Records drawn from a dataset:
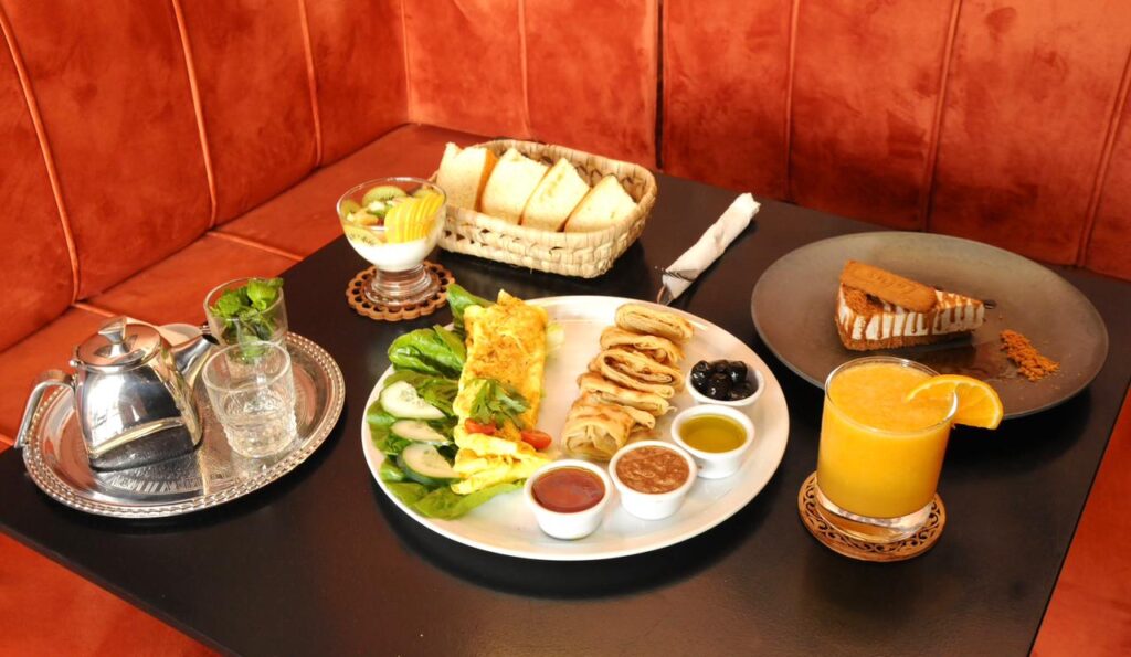 - HOT DRINKS (MOROCCAN TEA-ESPRESSO-VERBENA TEA-ORIGANO TEA – CAPPUCCINO-CAFE LATTE-CAFE CREME)
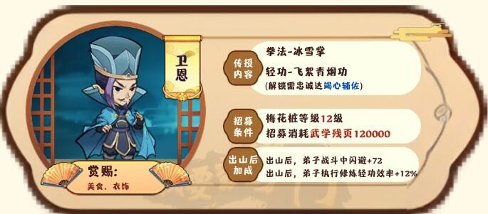 以上就是小编整理带来的《我要当掌门》客卿卫恩图鉴分享,更多精彩内容,请点击关注手游网!
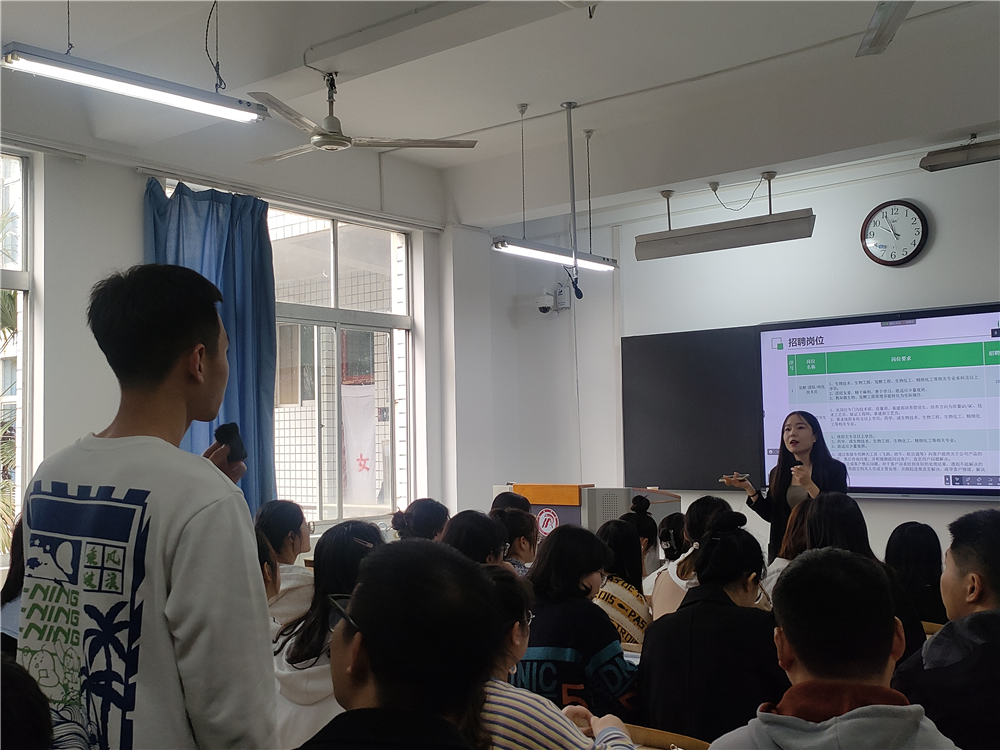 为了全力推进2023届毕业生高质量就业,构建毕业生与用单位的交流平台,推进就业指导工作落实落细。WILLIAMHILL在线体育投注采取“走出去,请进来”的方式邀请企业来校开展校园专场招聘。2023年3月10日上午,陕西巨子生物技术有限公司在一号楼1216教室举行专场宣讲会,同时线上分会场同步直播。
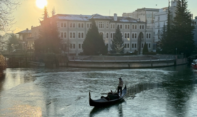 Eskişehir'de Porsuk Çayı'nın yüzeyi buz tuttu!
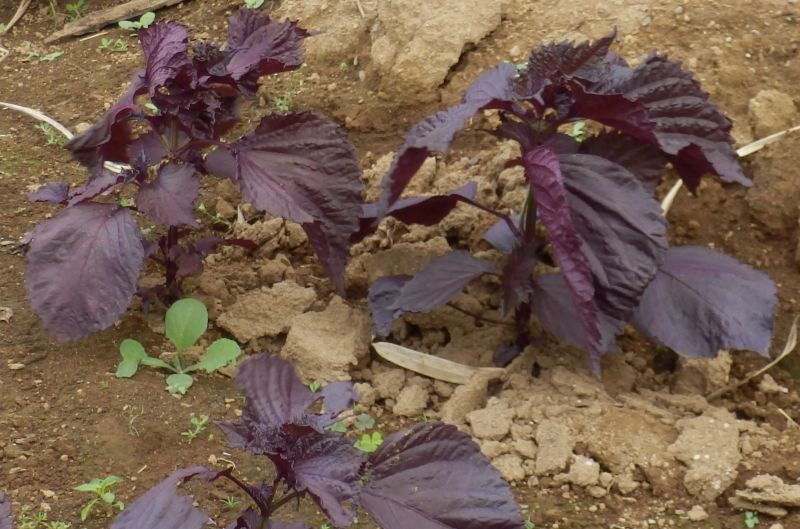 茎も葉も紫色をおびることが多く、葉は卵状長楕円形で、
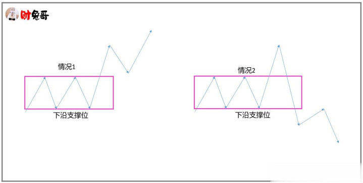 图(1) 当价格脱离成交密集区,突破方一定是要达到某个目的才去突破,比如打掉空头止损位、提高市场的建仓成本、洗盘结束、拉高出货、诱多等,无论何种目的都侧面反映出震荡区间是具有一定的战略位置。 假设某个震荡区间,价格向上突破,后市价格主要出现两种情况,一种是价格依托区间支撑继续上涨,另一种是价格突破折返向下突破区间。如图(2)所示:
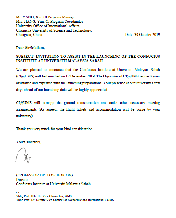 筹办并参加马来西亚沙巴大学孔子学院成立仪式
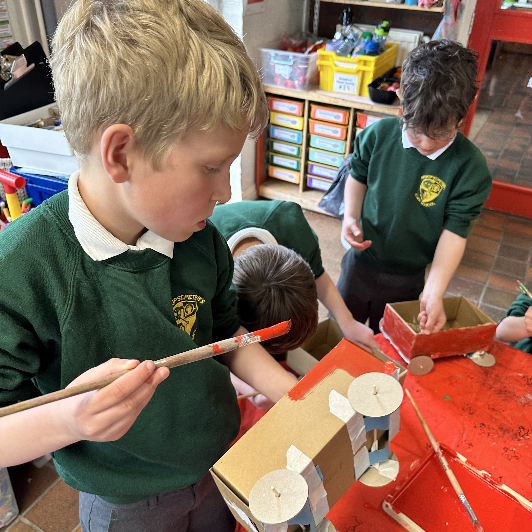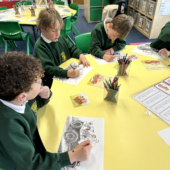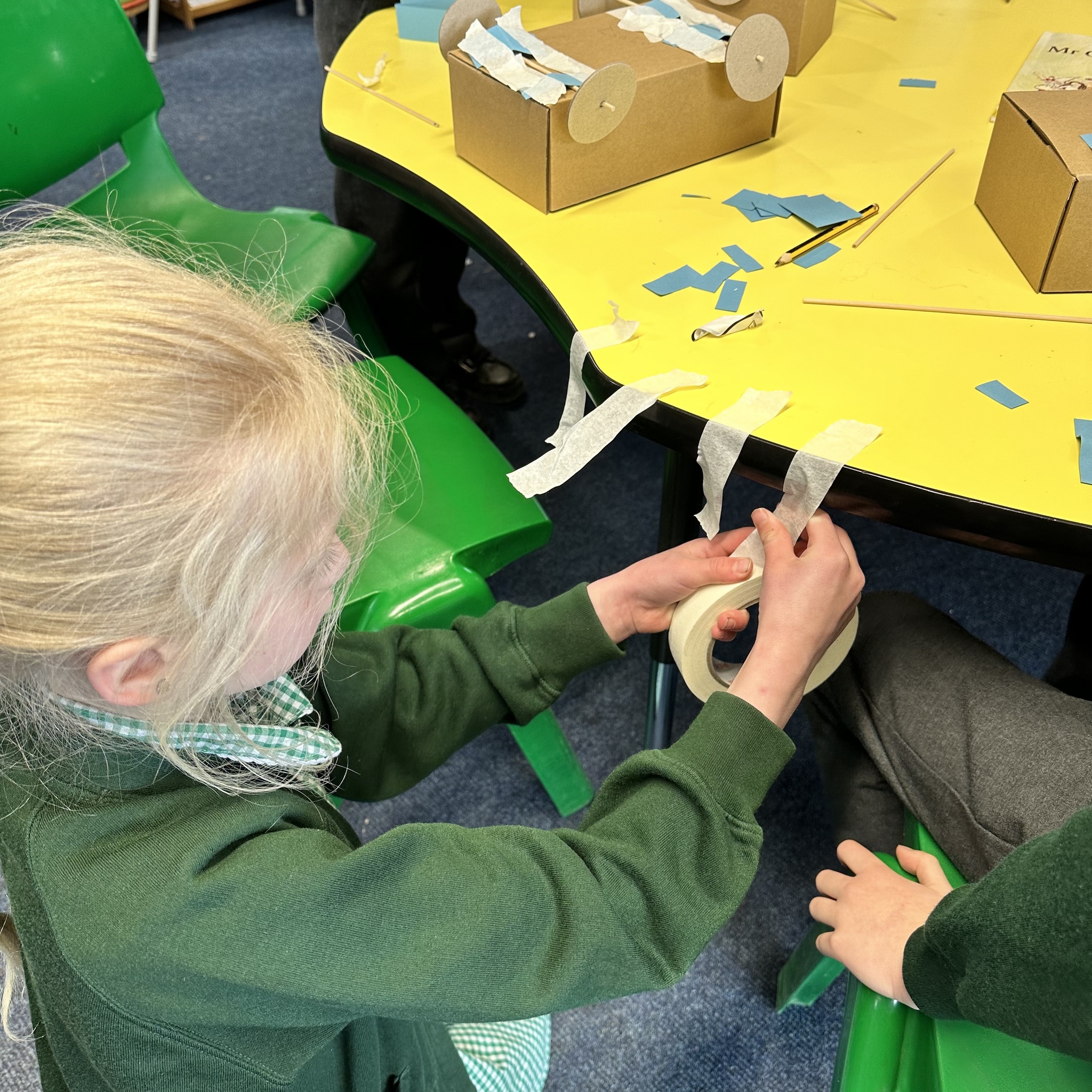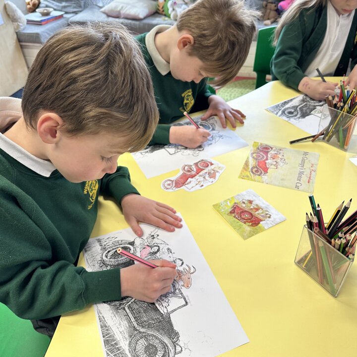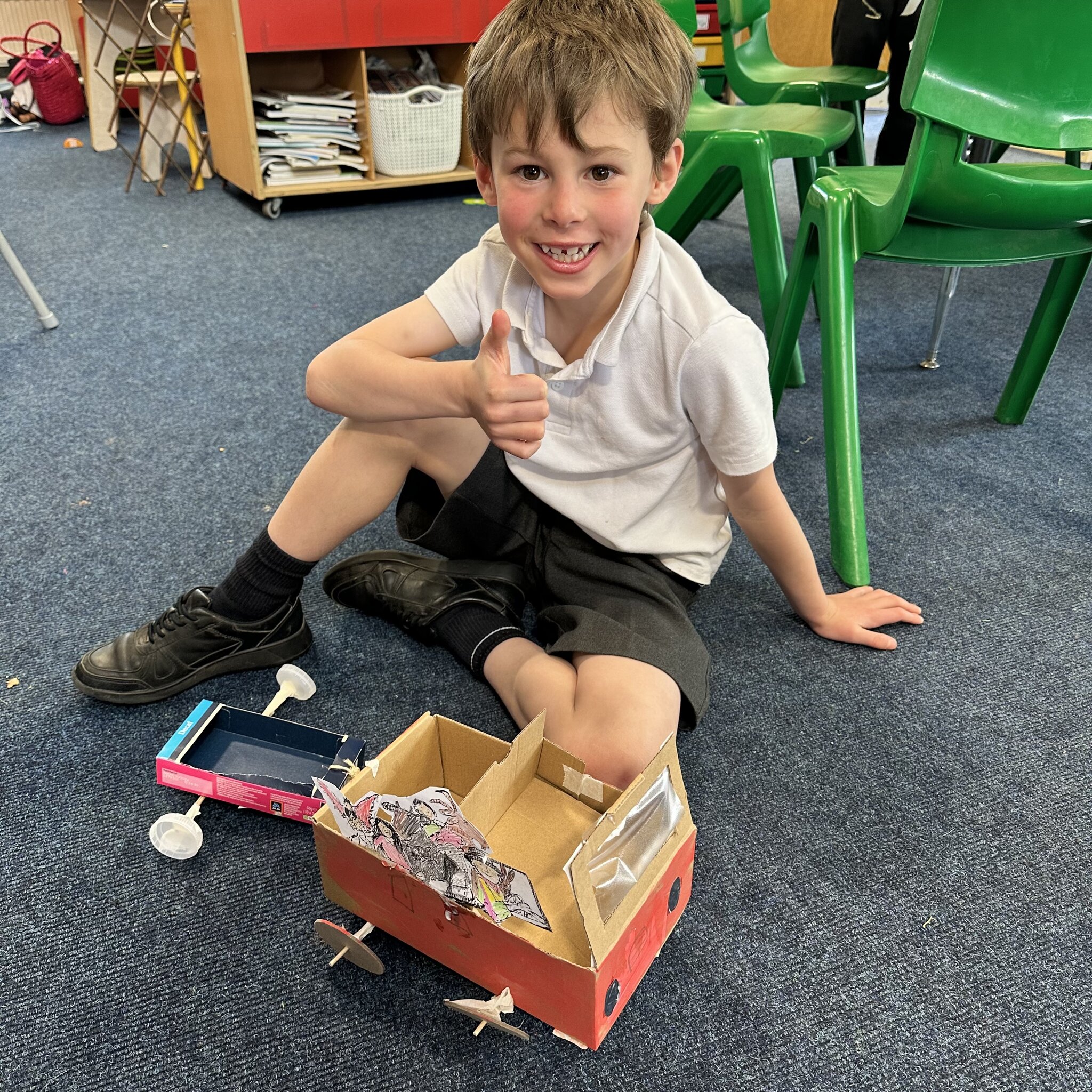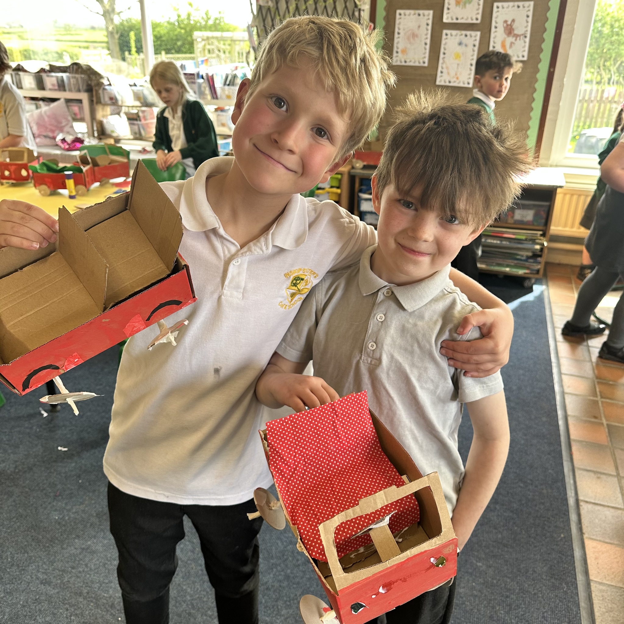 Over a number of lessons the children have designed and built some fantastic vehicles modelled on the car in the story ‘Mr Gumpy’s Motor Car’ by John Burningham.

**What you have to do**
Print exactly, and print only, the lines from the line with "Eskişehir'de Porsuk Çayı'nın" through the last line of the entries, both ends included. No pictures belong in the result.

**Answer to the exercise**
 Eskişehir'de Porsuk Çayı'nın yüzeyi buz tuttu!
 茎も葉も紫色をおびることが多く、葉は卵状長楕円形で、
 图(1) 当价格脱离成交密集区,突破方一定是要达到某个目的才去突破,比如打掉空头止损位、提高市场的建仓成本、洗盘结束、拉高出货、诱多等,无论何种目的都侧面反映出震荡区间是具有一定的战略位置。 假设某个震荡区间,价格向上突破,后市价格主要出现两种情况,一种是价格依托区间支撑继续上涨,另一种是价格突破折返向下突破区间。如图(2)所示:
 筹办并参加马来西亚沙巴大学孔子学院成立仪式
 Over a number of lessons the children have designed and built some fantastic vehicles modelled on the car in the story ‘Mr Gumpy’s Motor Car’ by John Burningham.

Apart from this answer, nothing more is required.